PROBLEM DESCRIPTION - This exercise asks for the entries to be repeated exactly, without their images.

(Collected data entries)
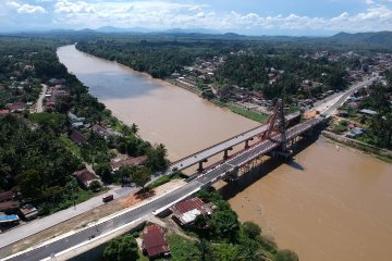 Sejumlah kendaraan melintasi Jembatan Sungai Dareh lama di samping Jembatan Sungai Dareh baru yang masih dalam proses pembangunan di Jalan Lintas Sumatera Sumbar-Jambi, Pulau Punjung, Dharmasraya, Sumatera Barat, Sabtu (30/3/2019). Pembangunan jembatan di atas Sungai Batanghari tersebut bertujuan memperlancar arus lalu lintas. ANTARA FOTO/Wahdi Septiawan/foc.
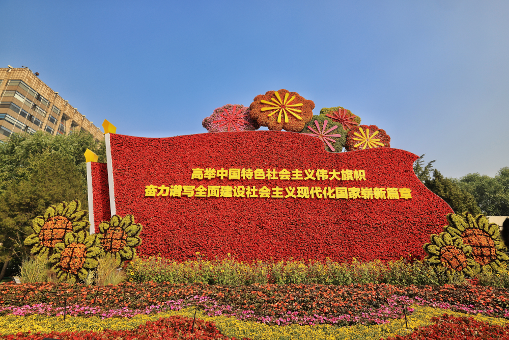 建國門西北角佈置“偉大征程”花壇,花壇頂高8米,以嵌有“高舉中國特色社會主義偉大旗幟 奮力譜寫全面建設社會主義現代化國家嶄新篇章”文字的紅旗為主景,配以向日葵、煙花等,寓意奮進新征程,吹響全面建設社會主義現代化國家的時代號角。(攝影:王越)
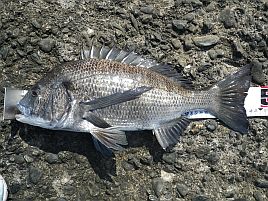 | クロダイが本命で磯釣りではなく堤防での釣りなので、メジナはあまり自慢できるようなサイズを釣ったことがない。伊豆大島の堤防で釣った35センチが人生最大なので、本格的にメジナ釣りをしている人からみると、何それ?ってレベルなのだが、本人楽しんで釣っているのでそっとしておいてほしい。足裏が釣れれば十分、足裏を超えれば満足なのだ。それ以上は……夢である。 |
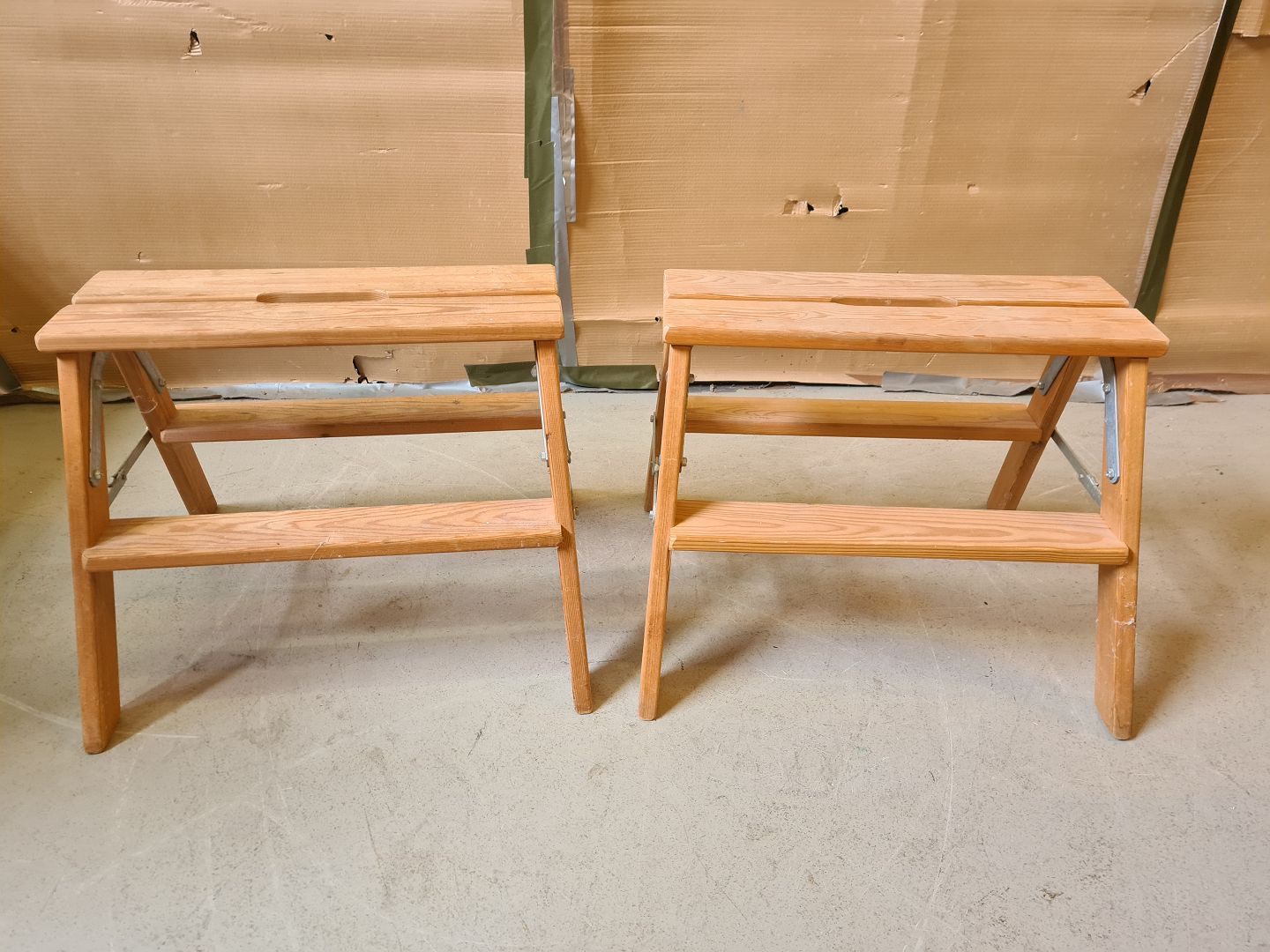 2 Stk. totrins stiger i massivt fyrretræ, fra 1990erne.
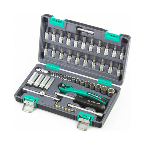 Набор инструмента STELS 14099 разработаны специально для автолюбителей и центров технического обслуживания. Каждый этап производства контролируется в соответствии с международными стандартами. Набор укомплектован масло и бензостойкой двухкомпонентной трещеткой. Головки и комбинированные ключи изготовлены из хромованадиевой стали, придающей инструменту исключительную твердость в сочетании с легкостью. Биты, биты-вставки и отвёртки производятся из стали S2, улучшающей свойства инструмента. Все наборы упакованы в кейс, изготовленный из жесткого противоударного пластика, с металлическими застёжками. Наборы инструмента STELS пригодятся вам не только в автомобиле. С их помощью можно проводить бытовой ремонт дома и на даче, ремонт бытовых конструкций и садовой техники.
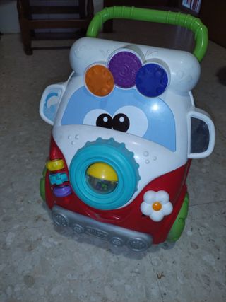 Andador para bebés con diseño divertido de furgoneta. - Mango de empuje. - Ruedas grandes - Colores vivos y alegres. -Andador para ayudar a los bebés a caminar, tiene centro de actividades manuales, incluye espejo, y elementos interactivos para que juegue el bebé que se deslizan y giran.
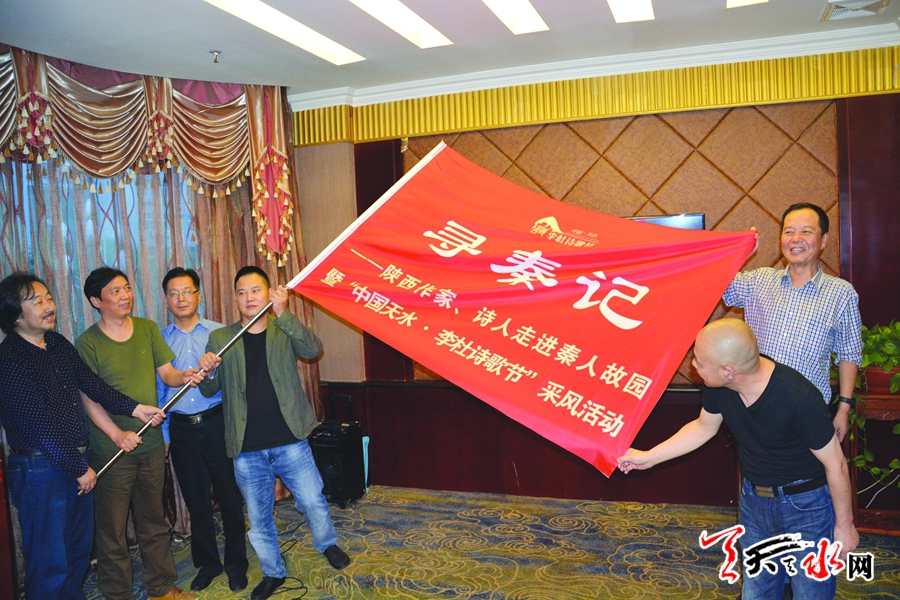9月16日晚,參加采風(fēng)活動(dòng)的詩(shī)人、作家與天水當(dāng)?shù)氐脑?shī)人齊聚一堂,天水日?qǐng)?bào)社社長(zhǎng)袁東風(fēng)為陜西采風(fēng)團(tuán)代表閻安等人授予了寫(xiě)有此次采風(fēng)活動(dòng)主題的旗幟,代表采風(fēng)活動(dòng)正式啟動(dòng)?;顒?dòng)期間,還將舉辦兩地作家、詩(shī)人的交流朗誦會(huì)等。
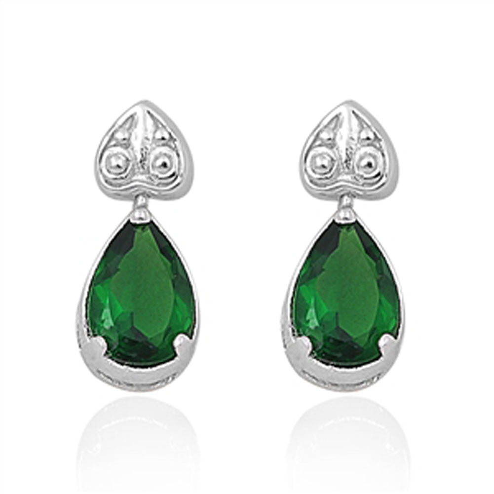 Heart Teardrop Earrings Simulated Emerald .925 Sterling Silver
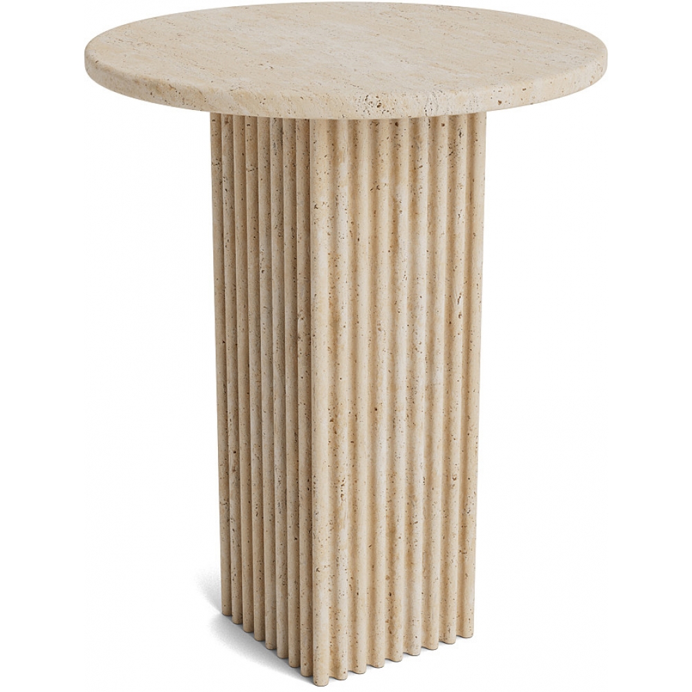 Soho ist aus Travertin mit einer natürlichen Oberfläche mit kleinen Löchern und Unregelmäßigkeiten. Der aus Travertinplatten gefertigte Tisch ist dennoch leicht und einfach zu bewegen. Die geriffelte Oberfläche des Natursteins verleiht ihm Taktilität, während die Schatten im Laufe des Tages die Tiefe und den Charakter der Steinoberfläche widerspiegeln.
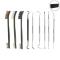 1: 3 brosses et 6 outils: chaque kit de nettoyage comprend 3 brosses et 6 outils. Les trois types de brosses à double extrémité sont le laiton, l'acier et le nylon. Cinq outils de nettoyage sont faits d'acier inoxydable et un est fait de nylon.
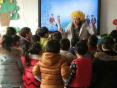 小朋友,今天老师给小朋友带来了一个神奇的大口袋,里面藏着一个小朋友的好朋友,你们知道它是谁吗?现在老师就让小朋友上来摸一摸,猜猜它是谁。(让幼儿摸一摸,说说摸上去的感觉,猜猜里面是什么)
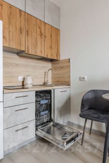 - Вся необходимая техника: стиральная и посудомоечная машины, микроволновка, варочная панель, холодильник, кондиционер, утюг.
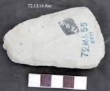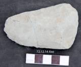 Roughly ground on both the faces showing flake scars along the lateral margins. Butt is thin and rounded on the tip. The working end is thick and asymmetrically convex with marks of battering. Elliptical median section. Biconvex in longitudinal section.

SOLUTION -
 Sejumlah kendaraan melintasi Jembatan Sungai Dareh lama di samping Jembatan Sungai Dareh baru yang masih dalam proses pembangunan di Jalan Lintas Sumatera Sumbar-Jambi, Pulau Punjung, Dharmasraya, Sumatera Barat, Sabtu (30/3/2019). Pembangunan jembatan di atas Sungai Batanghari tersebut bertujuan memperlancar arus lalu lintas. ANTARA FOTO/Wahdi Septiawan/foc.
 建國門西北角佈置“偉大征程”花壇,花壇頂高8米,以嵌有“高舉中國特色社會主義偉大旗幟 奮力譜寫全面建設社會主義現代化國家嶄新篇章”文字的紅旗為主景,配以向日葵、煙花等,寓意奮進新征程,吹響全面建設社會主義現代化國家的時代號角。(攝影:王越)
 | クロダイが本命で磯釣りではなく堤防での釣りなので、メジナはあまり自慢できるようなサイズを釣ったことがない。伊豆大島の堤防で釣った35センチが人生最大なので、本格的にメジナ釣りをしている人からみると、何それ?ってレベルなのだが、本人楽しんで釣っているのでそっとしておいてほしい。足裏が釣れれば十分、足裏を超えれば満足なのだ。それ以上は……夢である。 |
 2 Stk. totrins stiger i massivt fyrretræ, fra 1990erne.
 Набор инструмента STELS 14099 разработаны специально для автолюбителей и центров технического обслуживания. Каждый этап производства контролируется в соответствии с международными стандартами. Набор укомплектован масло и бензостойкой двухкомпонентной трещеткой. Головки и комбинированные ключи изготовлены из хромованадиевой стали, придающей инструменту исключительную твердость в сочетании с легкостью. Биты, биты-вставки и отвёртки производятся из стали S2, улучшающей свойства инструмента. Все наборы упакованы в кейс, изготовленный из жесткого противоударного пластика, с металлическими застёжками. Наборы инструмента STELS пригодятся вам не только в автомобиле. С их помощью можно проводить бытовой ремонт дома и на даче, ремонт бытовых конструкций и садовой техники.
 Andador para bebés con diseño divertido de furgoneta. - Mango de empuje. - Ruedas grandes - Colores vivos y alegres. -Andador para ayudar a los bebés a caminar, tiene centro de actividades manuales, incluye espejo, y elementos interactivos para que juegue el bebé que se deslizan y giran.
9月16日晚,參加采風(fēng)活動(dòng)的詩(shī)人、作家與天水當(dāng)?shù)氐脑?shī)人齊聚一堂,天水日?qǐng)?bào)社社長(zhǎng)袁東風(fēng)為陜西采風(fēng)團(tuán)代表閻安等人授予了寫(xiě)有此次采風(fēng)活動(dòng)主題的旗幟,代表采風(fēng)活動(dòng)正式啟動(dòng)?;顒?dòng)期間,還將舉辦兩地作家、詩(shī)人的交流朗誦會(huì)等。
 Heart Teardrop Earrings Simulated Emerald .925 Sterling Silver
 Soho ist aus Travertin mit einer natürlichen Oberfläche mit kleinen Löchern und Unregelmäßigkeiten. Der aus Travertinplatten gefertigte Tisch ist dennoch leicht und einfach zu bewegen. Die geriffelte Oberfläche des Natursteins verleiht ihm Taktilität, während die Schatten im Laufe des Tages die Tiefe und den Charakter der Steinoberfläche widerspiegeln.
 1: 3 brosses et 6 outils: chaque kit de nettoyage comprend 3 brosses et 6 outils. Les trois types de brosses à double extrémité sont le laiton, l'acier et le nylon. Cinq outils de nettoyage sont faits d'acier inoxydable et un est fait de nylon.
 小朋友,今天老师给小朋友带来了一个神奇的大口袋,里面藏着一个小朋友的好朋友,你们知道它是谁吗?现在老师就让小朋友上来摸一摸,猜猜它是谁。(让幼儿摸一摸,说说摸上去的感觉,猜猜里面是什么)
 - Вся необходимая техника: стиральная и посудомоечная машины, микроволновка, варочная панель, холодильник, кондиционер, утюг.
 Roughly ground on both the faces showing flake scars along the lateral margins. Butt is thin and rounded on the tip. The working end is thick and asymmetrically convex with marks of battering. Elliptical median section. Biconvex in longitudinal section.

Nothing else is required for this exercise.